*** Opening of DATA BLOCK ***

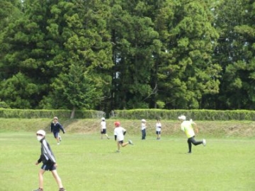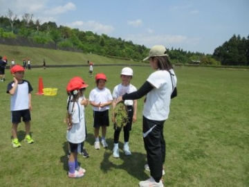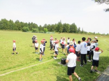 1、2年生が体育の授業で、リレーに取り組みました。運動場では、蛇ジャンケンやリングバトンを使ったリレーなど、走ることを楽しむ運動をたくさんしてきました。今日のバトンは、ドッジボールです。両手でボールを抱えると、とても走りにくそうでしたが、それでも体をうまく使いながら、コーンを回ってきます。次の走者へのパスの時には、勢い余ってボールが飛んでいってしまう場面もありましたが、最後は接戦。競走する楽しさを味わうことができました。
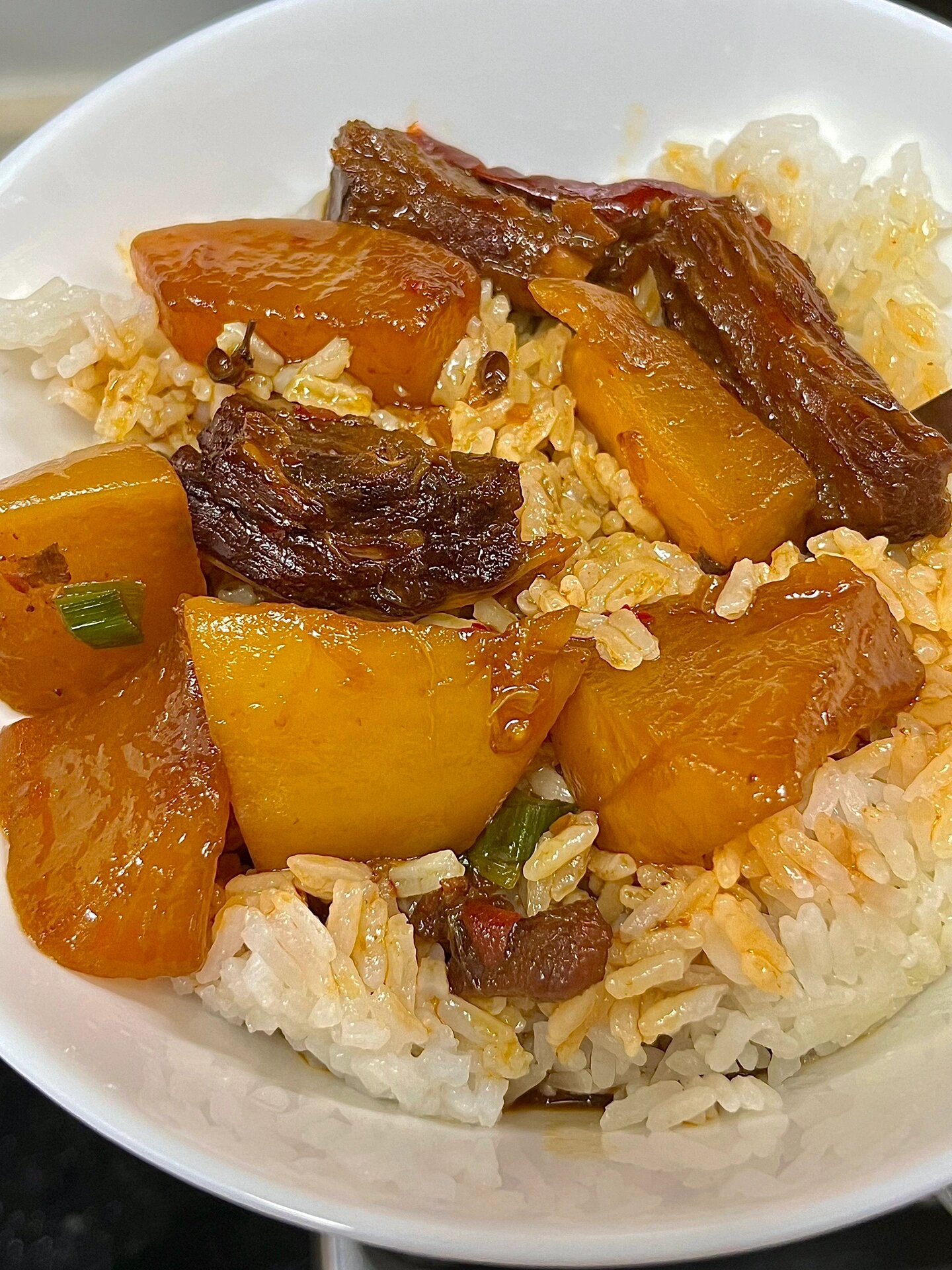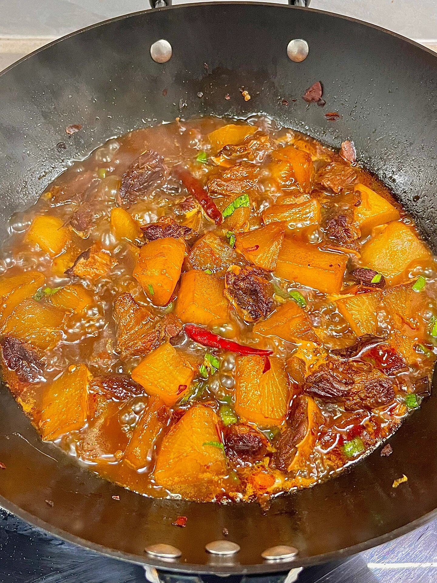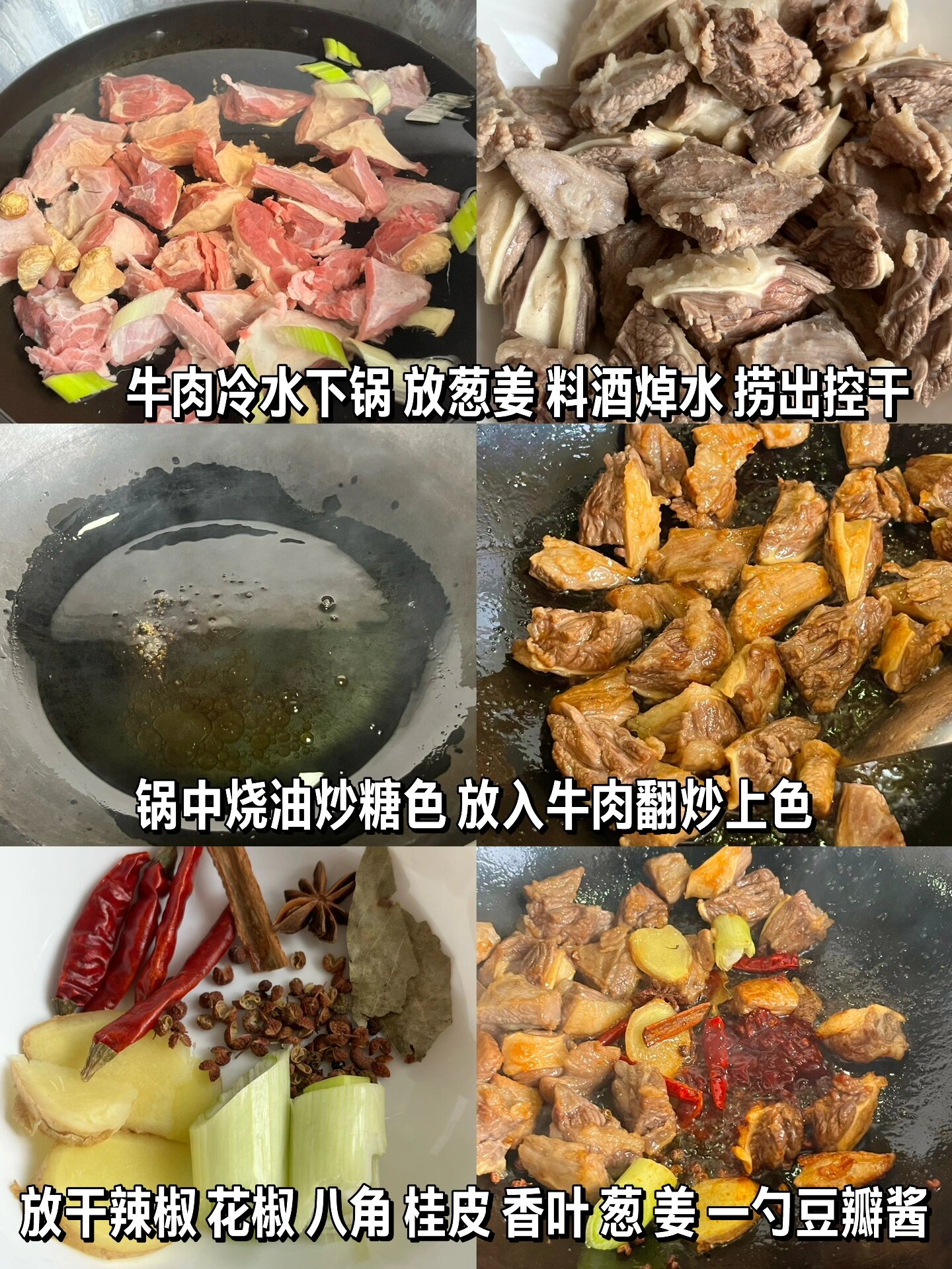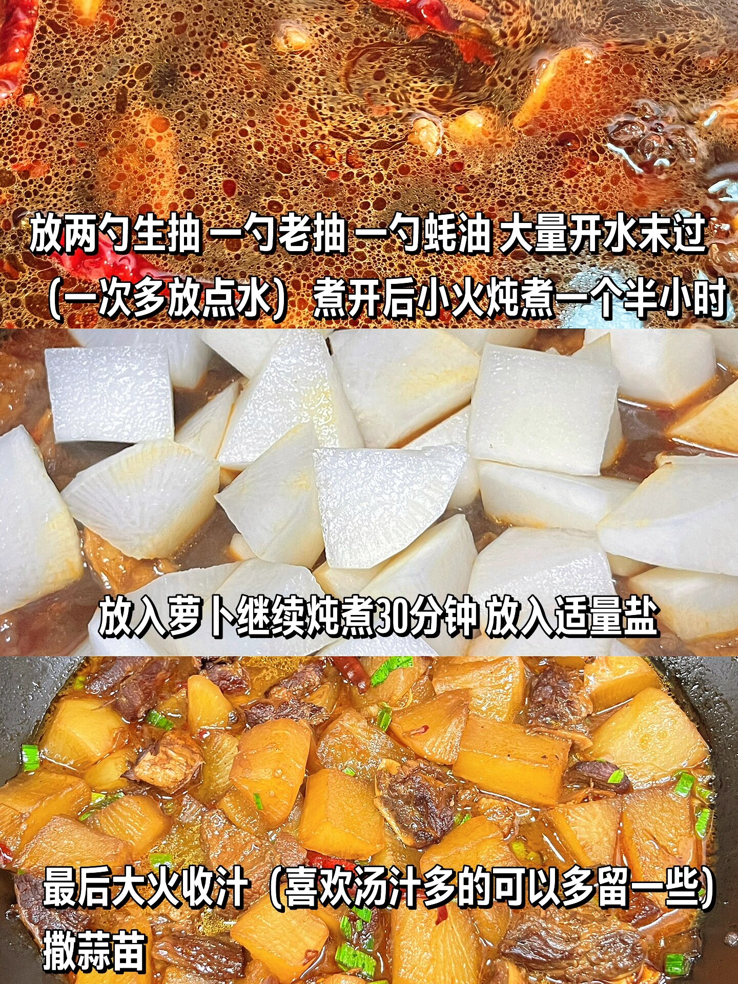萝卜炖牛肉!拌饭一绝!软烂入味! 冬天最爱的一道菜! 食材:牛肉(牛腩、牛肋条都可以)、白萝卜 步骤:1、牛肉冷水下锅,放葱、姜、料酒焯水,捞出沥开水分 2、锅中放油炒糖色,放入牛肉翻炒,放入干辣椒、花椒、八角、香叶、桂皮、姜、葱,一勺豆瓣酱翻炒 3、倒入开水末过牛肉(多放一些),放入两勺生抽、一勺老抽、一勺蚝油煮开后转小火炖煮一个半小时 4、放入萝卜、适量盐继续炖煮30分钟,稍微收汁(喜欢汤汁多的可以不收)撒蒜苗
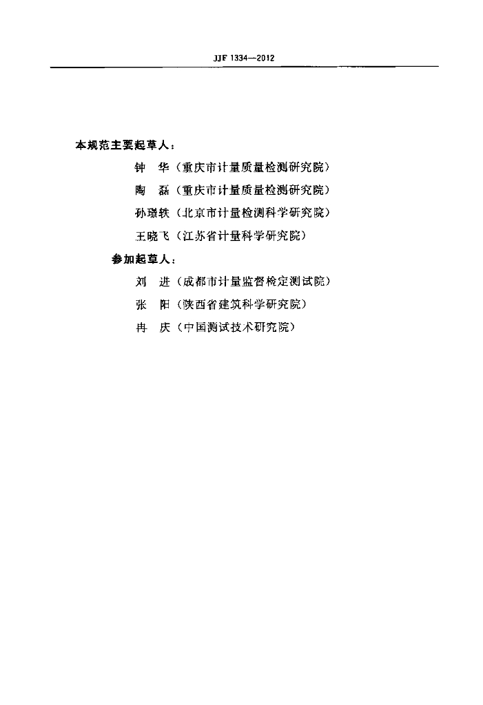钟华(重庆市计量质量检测研究院)、陶磊(重庆市计量质量检测研究院)、孙璟轶(北京市计量检测科学研究院)、王晓飞(江苏省计量科学研究院)、刘进(成都市计量监督检定测试院)、张阳(陕西省建筑科学研究院)、冉庆(中国测试技术研究院)

*** Close of DATA BLOCK ***

#### THE PROBLEM:
Copy the data in full. No pictures belong in the copy.

#### ANSWER BELOW:
 1、2年生が体育の授業で、リレーに取り組みました。運動場では、蛇ジャンケンやリングバトンを使ったリレーなど、走ることを楽しむ運動をたくさんしてきました。今日のバトンは、ドッジボールです。両手でボールを抱えると、とても走りにくそうでしたが、それでも体をうまく使いながら、コーンを回ってきます。次の走者へのパスの時には、勢い余ってボールが飛んでいってしまう場面もありましたが、最後は接戦。競走する楽しさを味わうことができました。
萝卜炖牛肉!拌饭一绝!软烂入味! 冬天最爱的一道菜! 食材:牛肉(牛腩、牛肋条都可以)、白萝卜 步骤:1、牛肉冷水下锅,放葱、姜、料酒焯水,捞出沥开水分 2、锅中放油炒糖色,放入牛肉翻炒,放入干辣椒、花椒、八角、香叶、桂皮、姜、葱,一勺豆瓣酱翻炒 3、倒入开水末过牛肉(多放一些),放入两勺生抽、一勺老抽、一勺蚝油煮开后转小火炖煮一个半小时 4、放入萝卜、适量盐继续炖煮30分钟,稍微收汁(喜欢汤汁多的可以不收)撒蒜苗
钟华(重庆市计量质量检测研究院)、陶磊(重庆市计量质量检测研究院)、孙璟轶(北京市计量检测科学研究院)、王晓飞(江苏省计量科学研究院)、刘进(成都市计量监督检定测试院)、张阳(陕西省建筑科学研究院)、冉庆(中国测试技术研究院)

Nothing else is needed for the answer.